### WORK INSTRUCTIONS
Copy exactly the lines of the material below that fall between the line with "A tough, industrial" and the line with "LOT 239C: Simulated", both of those lines included; pictures stay out.

### EXCERPTED RECORDS
((

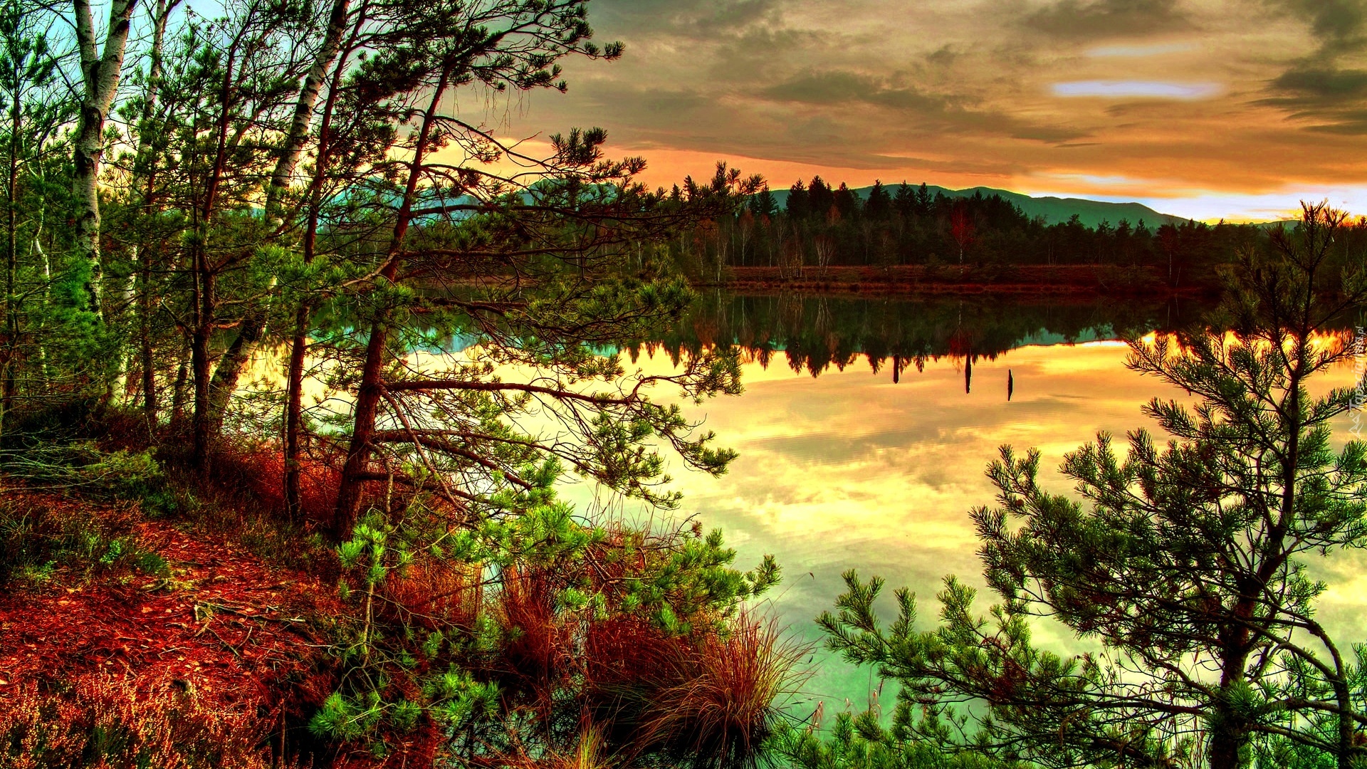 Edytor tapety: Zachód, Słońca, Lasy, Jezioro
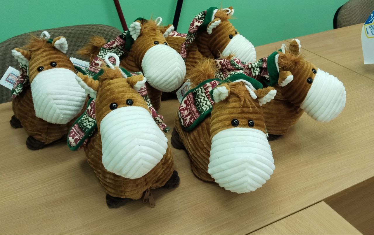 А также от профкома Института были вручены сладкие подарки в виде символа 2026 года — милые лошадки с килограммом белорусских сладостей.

))
((

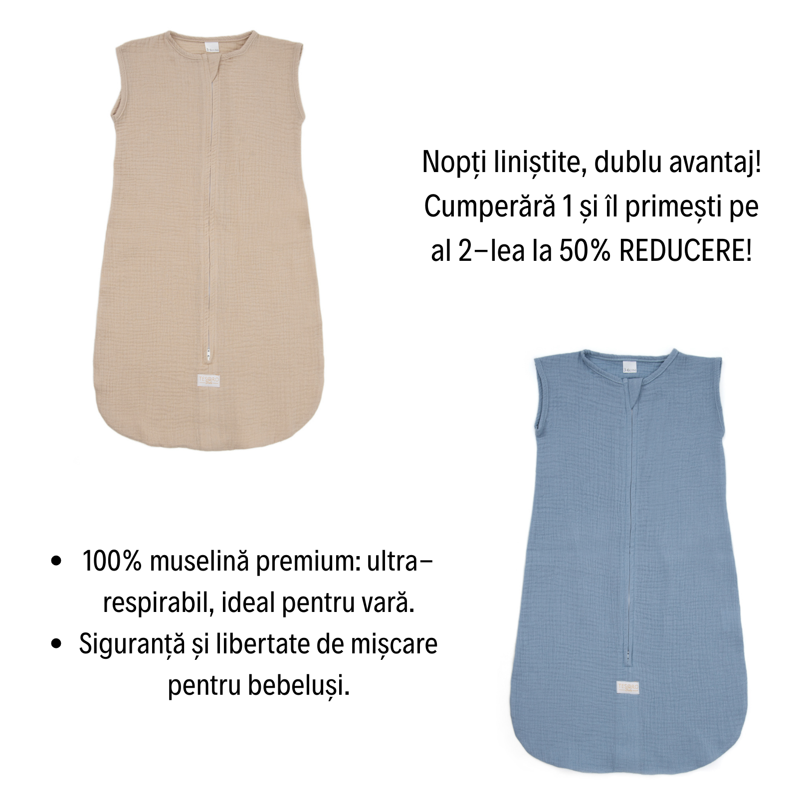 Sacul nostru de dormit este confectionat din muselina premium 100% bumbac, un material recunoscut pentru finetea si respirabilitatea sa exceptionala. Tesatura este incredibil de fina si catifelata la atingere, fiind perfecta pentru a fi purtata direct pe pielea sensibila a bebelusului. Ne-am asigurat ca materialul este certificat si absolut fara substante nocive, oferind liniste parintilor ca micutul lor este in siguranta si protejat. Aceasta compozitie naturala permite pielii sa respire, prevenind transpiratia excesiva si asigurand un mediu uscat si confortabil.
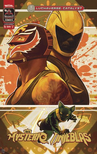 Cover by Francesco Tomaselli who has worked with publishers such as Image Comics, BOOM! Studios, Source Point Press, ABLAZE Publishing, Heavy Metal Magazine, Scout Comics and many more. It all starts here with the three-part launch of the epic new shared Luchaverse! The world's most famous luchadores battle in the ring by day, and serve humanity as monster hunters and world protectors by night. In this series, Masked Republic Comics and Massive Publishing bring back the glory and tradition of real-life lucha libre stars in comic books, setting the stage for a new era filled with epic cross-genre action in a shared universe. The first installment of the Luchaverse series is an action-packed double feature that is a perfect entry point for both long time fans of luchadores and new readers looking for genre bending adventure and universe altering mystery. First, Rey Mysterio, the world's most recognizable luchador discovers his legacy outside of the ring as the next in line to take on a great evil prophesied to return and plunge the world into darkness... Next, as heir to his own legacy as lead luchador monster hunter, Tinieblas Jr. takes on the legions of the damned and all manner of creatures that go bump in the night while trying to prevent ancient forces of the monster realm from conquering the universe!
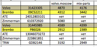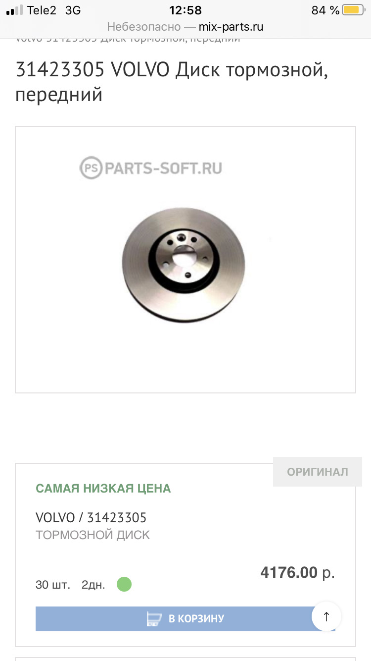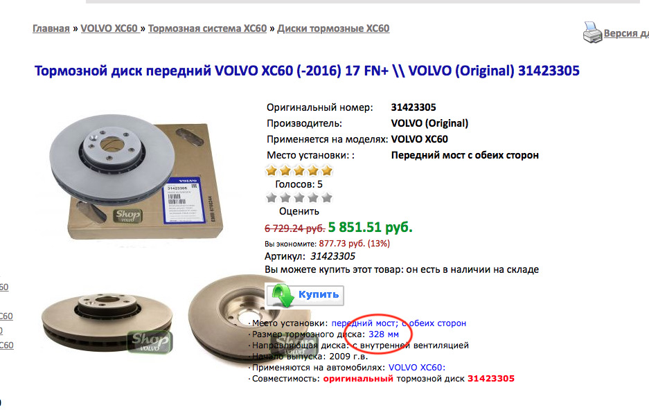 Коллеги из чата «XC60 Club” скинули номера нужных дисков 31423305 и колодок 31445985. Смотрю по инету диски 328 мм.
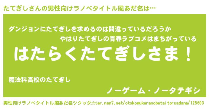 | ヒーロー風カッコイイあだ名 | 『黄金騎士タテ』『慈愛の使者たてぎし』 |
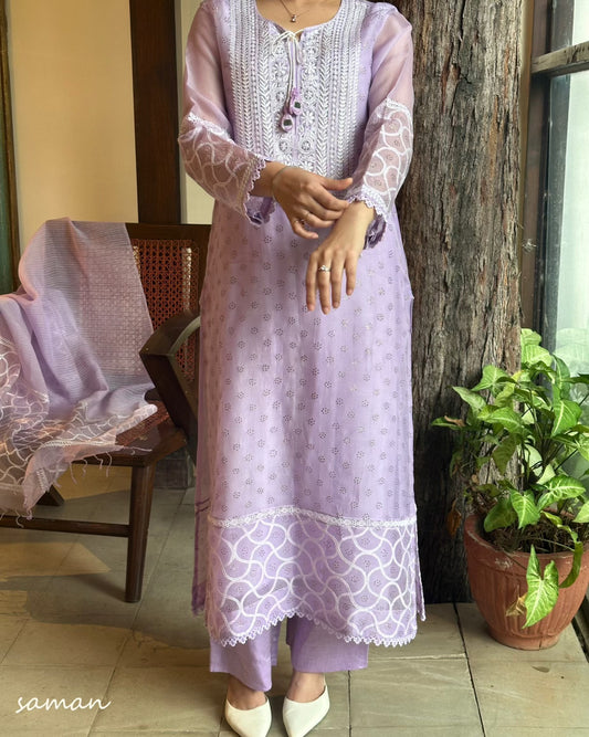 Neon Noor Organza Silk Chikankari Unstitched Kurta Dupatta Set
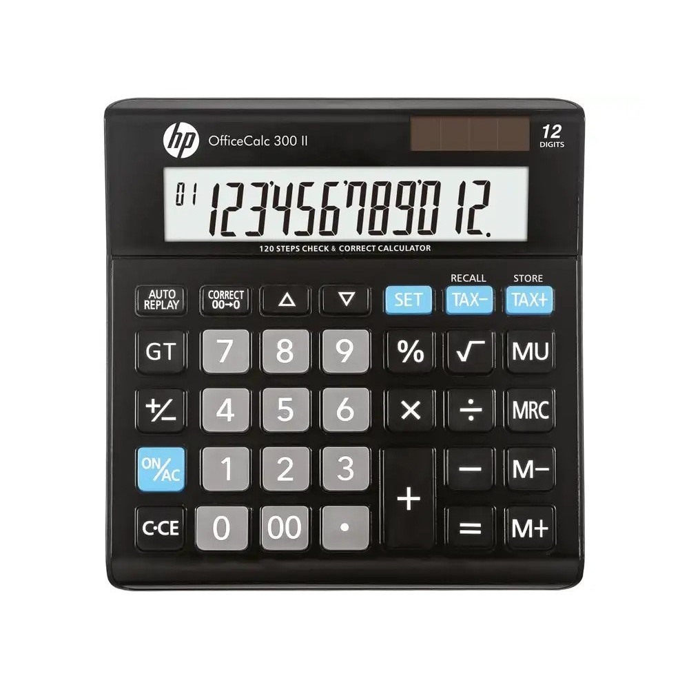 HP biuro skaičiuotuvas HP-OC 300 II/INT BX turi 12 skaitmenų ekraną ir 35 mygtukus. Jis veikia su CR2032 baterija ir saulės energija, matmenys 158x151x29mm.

))
((

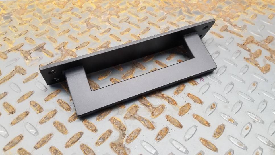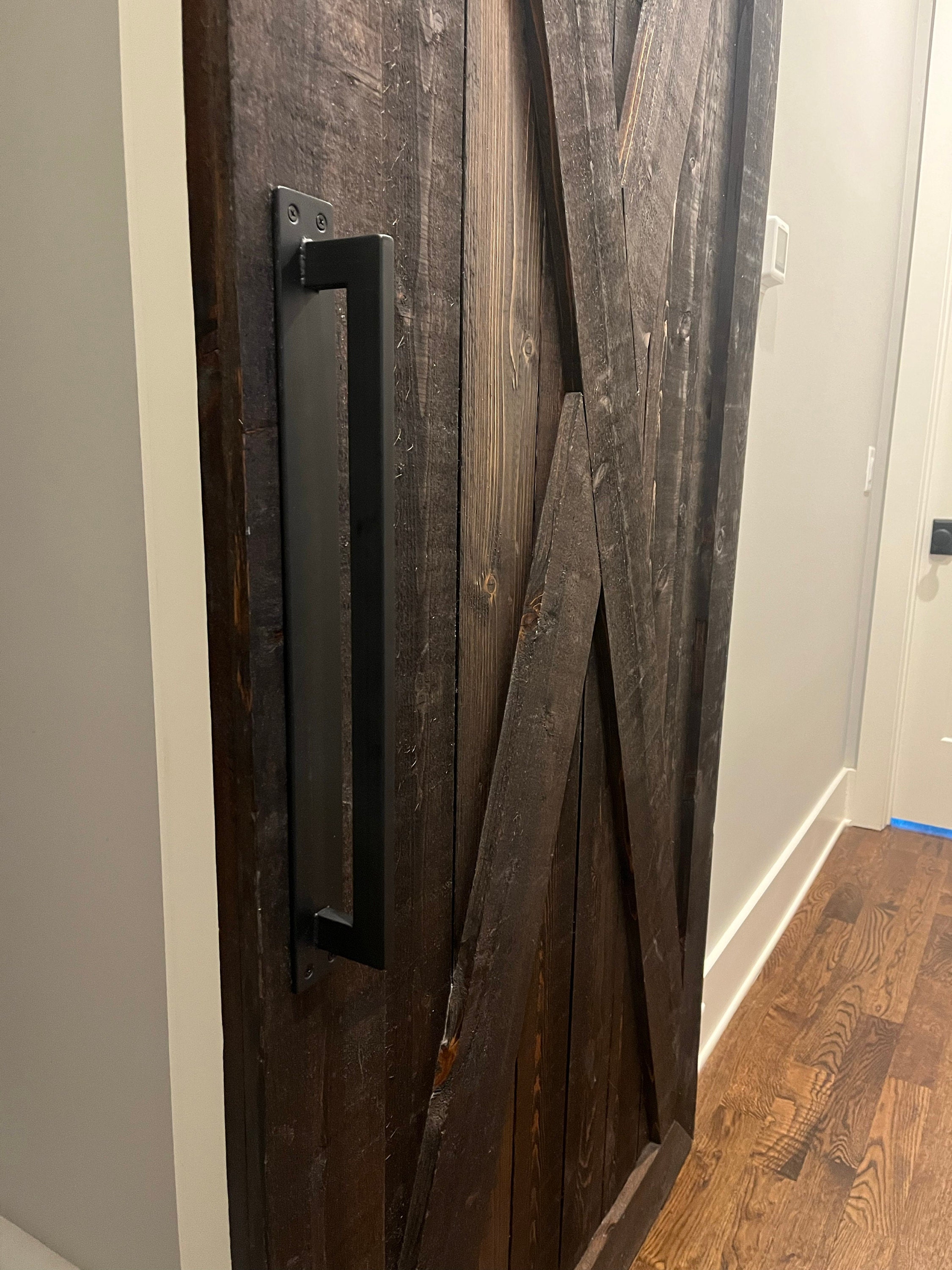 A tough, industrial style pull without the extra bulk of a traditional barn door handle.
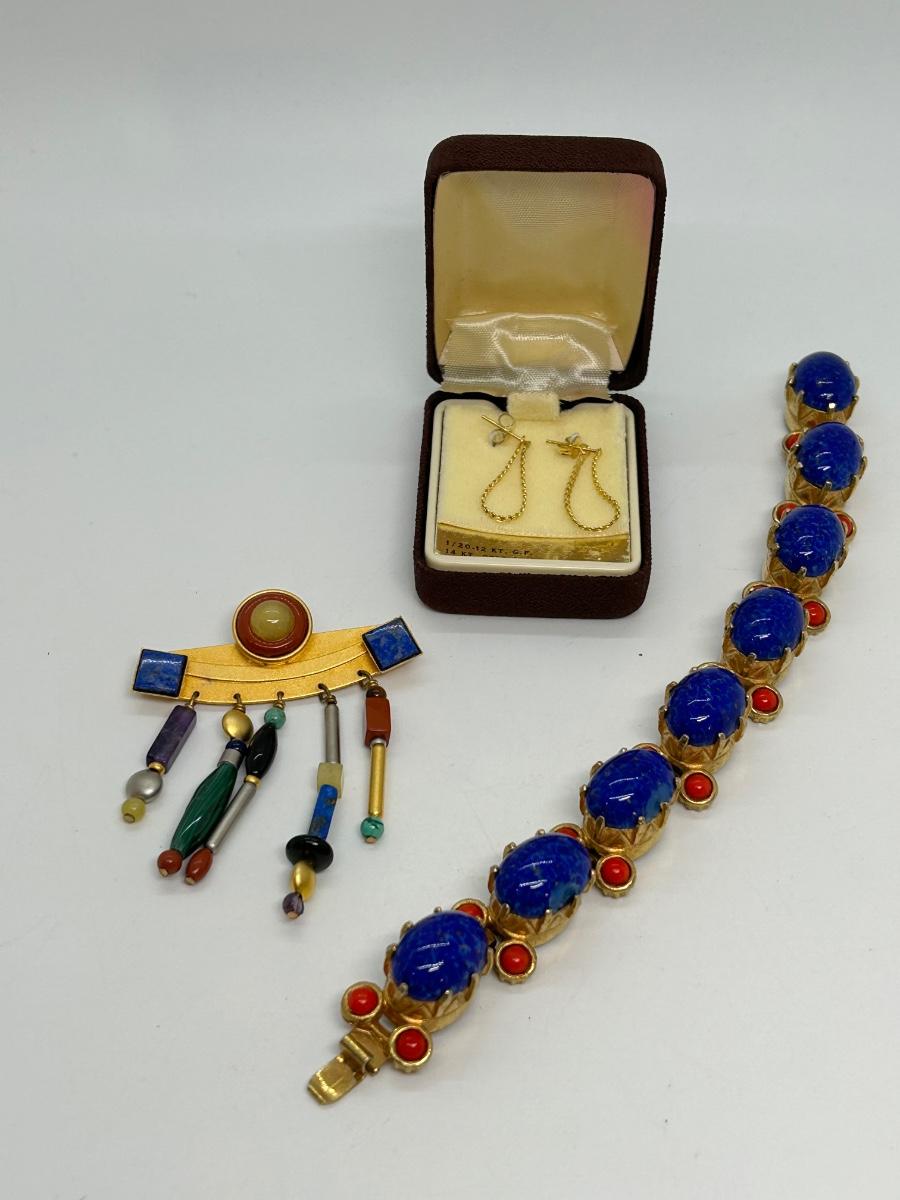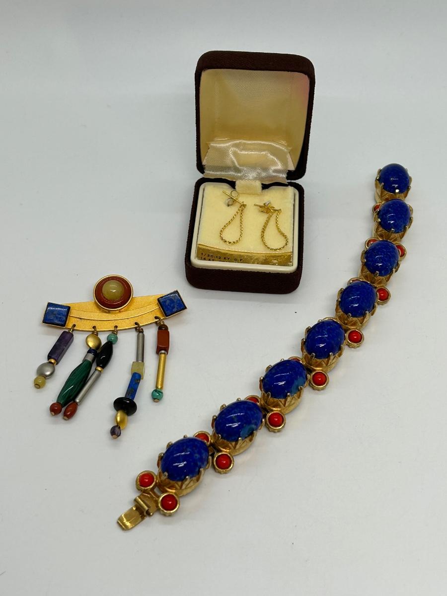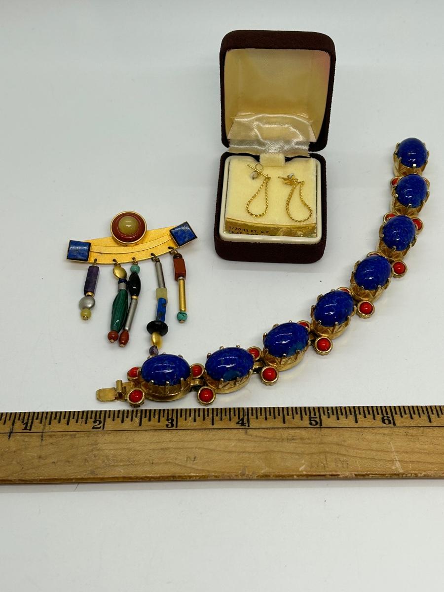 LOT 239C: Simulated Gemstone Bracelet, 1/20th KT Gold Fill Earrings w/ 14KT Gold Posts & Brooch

))

### REPLY
 A tough, industrial style pull without the extra bulk of a traditional barn door handle.
 LOT 239C: Simulated Gemstone Bracelet, 1/20th KT Gold Fill Earrings w/ 14KT Gold Posts & Brooch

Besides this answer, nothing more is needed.